“But the moment you turn a corner you see another straight stretch ahead and there comes some further challenge to your ambition.” ~Oliver Wendell Holmes, Jr.
For some time, I have been pondering my career and life path. Grateful to God for where I am, I also want to learn and apply. I want to go back to school, and have the freedom to deepen my strengths, use my talents and find new ones. For some time, I have felt my solid ground thinning, and I feel time slipping through my fingers, and the thought of staying still has become unsettling, as if I am on thin, melting ice, and I will fall through if I don’t move in a direction, any direction.
This isn’t the first time I have broached this subject, but every year, on Walk Day, it feels like New Years. I really don’t take stock of the year past and the year ahead on New Year’s Day, but I do on Walk Day. Walk Day is always filled with numbers,
I know its not politically correct to say “JDRF Families.” Because households and individuals can contribute to many different organizations. Well, too bad, you work with me in this mission, and you become part of my family. Deal. Today, I saw the families I have met with for the past two years and missed my families in New Mexico. Thinking about all the families I have connected with as part of the diabetes online community, all wearing blue or telling their story, or sharing experiences today, too. The Walk is a year long program. I think that is lost on a lot of people. Walk Day is a labor intensive celebration of fundraising efforts from a year of fundraising.
It was cold this morning. And wet. Still, after dust storms and pouring rain last night shadowing doubt that the event would take place, so many people attend this Walk, that we cannot count them all. We estimate around 20,000. I once again was able to see passionate volunteers braving cold, slush and fatigue all the while smiling and asking for more duct tape. I saw families, some veteran, some new to the Walk, some new to diabetes. And usually spotted here and there, but now in a small group, I saw adults with type 1 and their loved ones walking together as part of our JDRF Young Leadership Committee, Generation Cure.
Lots of hugs, lots of smiles, lots of laughing and checking in. My colleagues and I feel every setback deeply, but even when the task seems Sisyphean we can make each other laugh. What a great group to drag hundreds of thousands of ever appearing lawn chairs with, to celebrate check donations with and spend 4:30am in freezing cold with. In the little things and in the big things, we know we are fortunate to work in a mission-focused organization that has an end goal to reach. We are a family, and we watch out for each other. Professional to the core, our loyalty to each other and the mission is not lost on us.
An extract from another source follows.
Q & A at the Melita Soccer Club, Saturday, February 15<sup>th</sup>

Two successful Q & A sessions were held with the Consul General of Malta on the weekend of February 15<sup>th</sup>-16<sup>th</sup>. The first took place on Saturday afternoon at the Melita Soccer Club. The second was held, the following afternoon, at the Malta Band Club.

JDRF will never lose focus on what the Walk means. It means cure, it means no more Walks. At the same time, standing still will mean never finding it, and in an effort to better educate the public, our Walkers, what their investment means, JDRF is on the move. We have a new logo, a new tag. But it is more than just marketing. It conveys that for the past 40 years JDRF has invested in research breakthroughs that have added to our understanding of a very complex autoimmune disease and funded research that has led to treatments that have made those with type 1 more safe. In the past few years JDRF has fought to bring new technologies to clinical trials to ensure those at the Walk today will see a cure. JDRF looks ahead to the thousands every year not at today’s Walk, yet to be diagnosed, by funding research in prevention to keep them away from a D-Day.
JDRF placed a powerful ad urging the FDA to provide clear pathways to move a closed-loop artificial pancreas to market this past week, citing studies that have reported the incidence of death from hypoglycemia to be between 2% and 10% of the type 1 population, roughly 1 in 20.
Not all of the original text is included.